The fact that a larger percentage of data points fell into the yellow zone in the post-treatment group may have contributed to study subjects in round 2 making fewer incorrect treatment decisions compared to the study subjects in round 1. Furthermore a significantly higher number of readings were within the non-parametric limits of agreement after training compared to the pre-training group (p=0.000). That said, the mean bias decreased after round 2 and this cannot be accounted for by changes in the distribution of true values of SPV%. These findings are displayed in figure 4 and these results suggest that a single training session may improve the ability of clinicians to estimate SPV%.

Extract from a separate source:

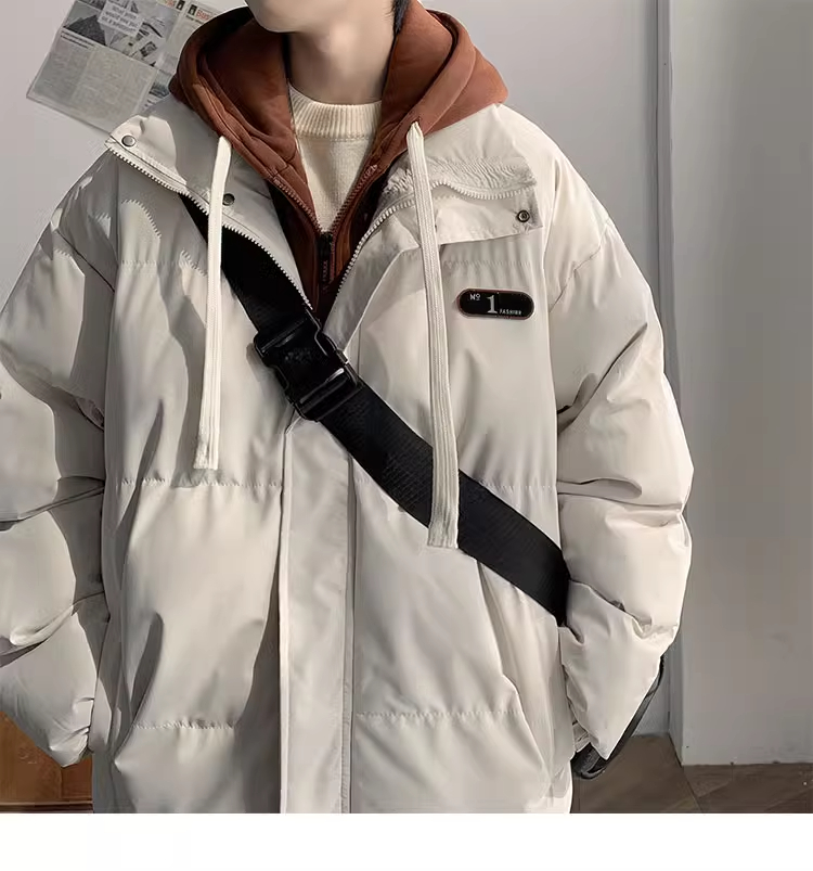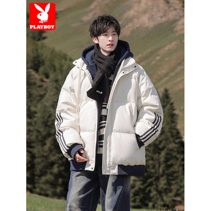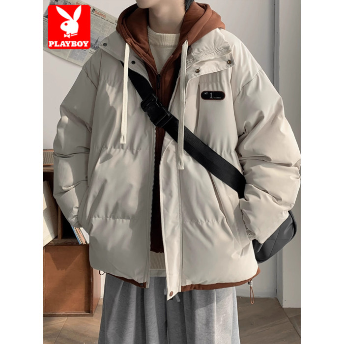 花花公子假兩件羽絨棉服男款冬季hiphop高街工裝外套日系厚連帽潮

Our study has several limitations.First, while subjects were played recordings of previously recorded blood pressure tracings from surgical procedures that took place at our institution, it is not possible to know whether or not the decision to treat would have been made in a real life environment.Second the utility of CSA is affected by the size of the yellow zone.As the size of the yellow zone changes (with increased knowledge about the predictive abilities of SPV%), the results of the CSA will be affected.Third, we used SPV% because it is the easiest measure of respiratory variation to calculate. Data suggest that PPV and SVV [21,22] are more accurate predictors of fluid responsiveness (although they are likely more difficult to estimate visually).Lastly, our study is limited by the relatively small number of study subjects (50) at a single institution.
Future studies should address the broader applicability of our findings, whether or not the observed learning was durable beyond two weeks time, whether or not individuals can measure changesin SPV% (i.e., assess the trending ability), and determine whether PPV and SVV can be estimated visually.Ultimately, a clinical study comparing treatment decisions and outcomes when respiratory variation is estimated visually, as compared to calculate by an arterial waveform analyzer, may be indicated.
The assessment of systemic arterial respiratory variation using the “eyeball method” leads to correct treatment response despite wide limits of agreement.A single, brief episode of training appears to reduce bias in addition to significantly improving the limits of agreement between predicted SPV% and true SPV%.
The authors declare that they have no conflict of interest.